I won’t say that I was grateful for the chaos that this hiccup to our routine added, but I was reminded of how soothing I find laundromats. Laundry is my most loathed chore, and I imagine a top-five scourge of most parents’ existences, but I like these places. These places are where laundry starts and ends and is over. I like the elevated wire baskets on wheels, that the dryer doors open at heart-height so you don’t have to bend over to change the loads. I like watching all of our clothes backflip over and over through the little portholes of four adjacent machines.
You can tell that I’ve had laundry machines at home for a very long time because I am able to treat the experience of this errand as nostalgic and novel. Still, the constant mechanical groan of the machines, and the warmth they generated had me lulled into an almost trance. When I walked out to my car with stacks of baskets digging into my hips, my cheeks were flushed pink and I was mentally vacant like I’d been lounging in shavasana for twenty minutes. It was then that out of the darkness, a man started smacking his lips at me, saying, well, I don’t know because I always try not to listen.
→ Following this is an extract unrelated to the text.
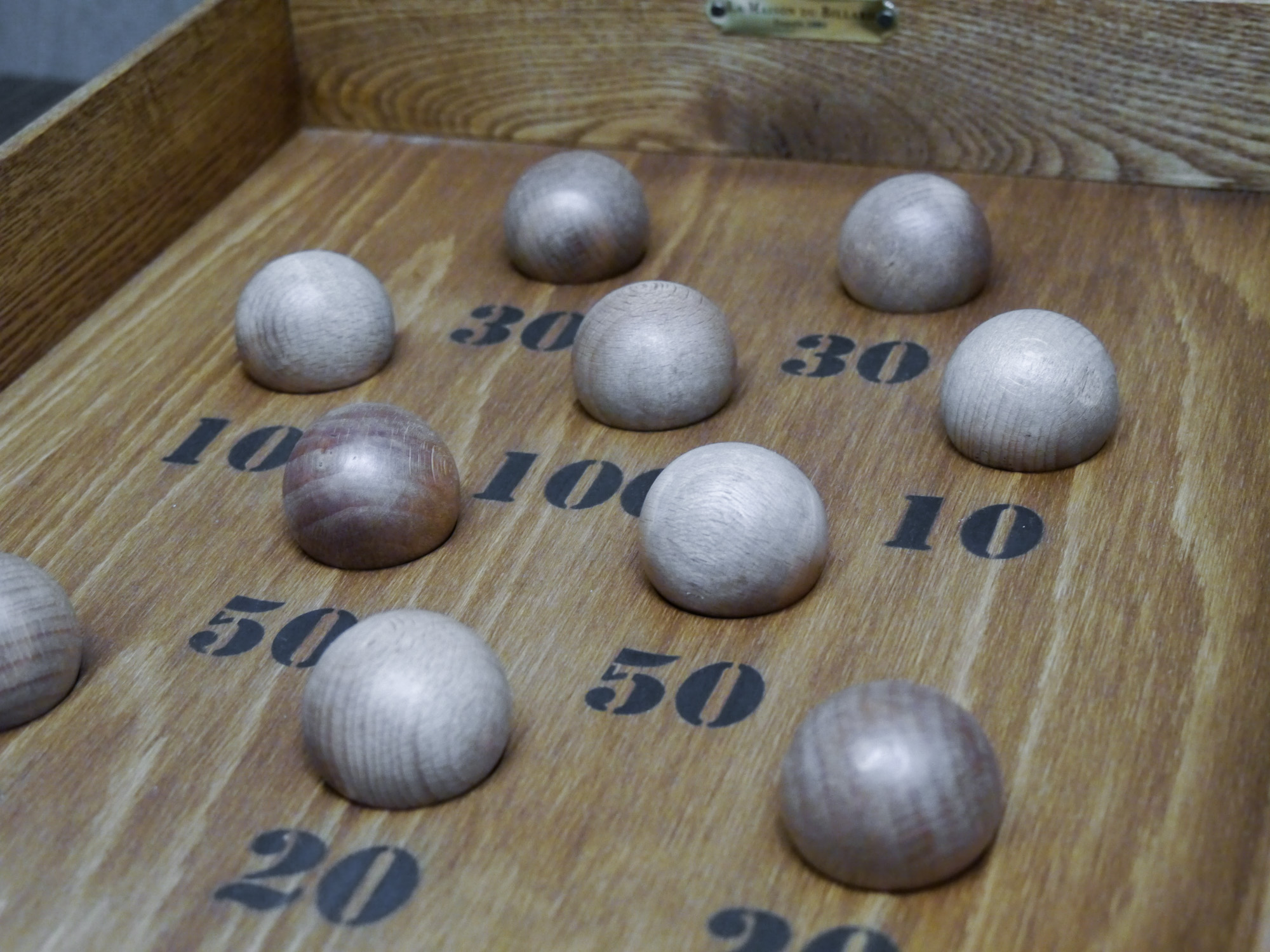 Gra z jarmarków i kasyn lat 30. Rzucaj kulami do ponumerowanych otworów i zbieraj punkty.

It was jarring, both because I wasn’t expecting it and because I realized that I had gotten to a place where I don’t expect it. I mentioned it to Nick when I got home and he was too apologetic and serious about it, which I found nearly as exhausting as the interaction itself.
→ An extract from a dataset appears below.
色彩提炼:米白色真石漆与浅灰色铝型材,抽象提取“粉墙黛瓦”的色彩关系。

I hate how I have to train my senses to shut off, hypervigilance masquerading as oblivion. I was walking home from the gym yesterday and a man shouted out of his truck at me and I kneejerk-ignored it. After a few paces, I started to wonder if he was letting me know that I’d dropped something. I looked at the ground behind me, nothing had been dropped. Can you see how disorienting this all is? When I was a city bike commuter, I remember a car shouting something at me and responding reflexively with my middle finger. As my heart rate finally slowed a few blocks later at a red light, I understood that what was shouted at me was “Ebert!!” It had been my friend.
When I was six years old, I was riding in the back of my friend Emily’s van, probably en route to a soccer game or Girl Scout meeting. Each seat had a little ashtray beside it, with a spring-loaded chrome cover, because apparently I’m that old. As our suburban hometown scrolled past in the windows, I started flipping the ashtray open and shut, letting it close on my fingers, then withdrawing my fingers so it made a soft click.
Her dad looked up into the rear view and said in a sharp tone, “Uh, is someone smoking back there?” My dad had never spoken sharply to me in my life, and also I didn’t understand what was going on.
Emily sighed and reached across the bench seat to rest her hand on my ashtray-flipping arm. “We’re not supposed to play with those,” she translated.
Here was my friend, just six years old, already interpreting for adult men who didn’t know how to ask for what they wanted, or say what they mean. She and I continued to be friends for years and I always found myself uneasy around her dad, thinking he was confusing and peculiar. He was confusing, but unfortunately, not peculiar at all.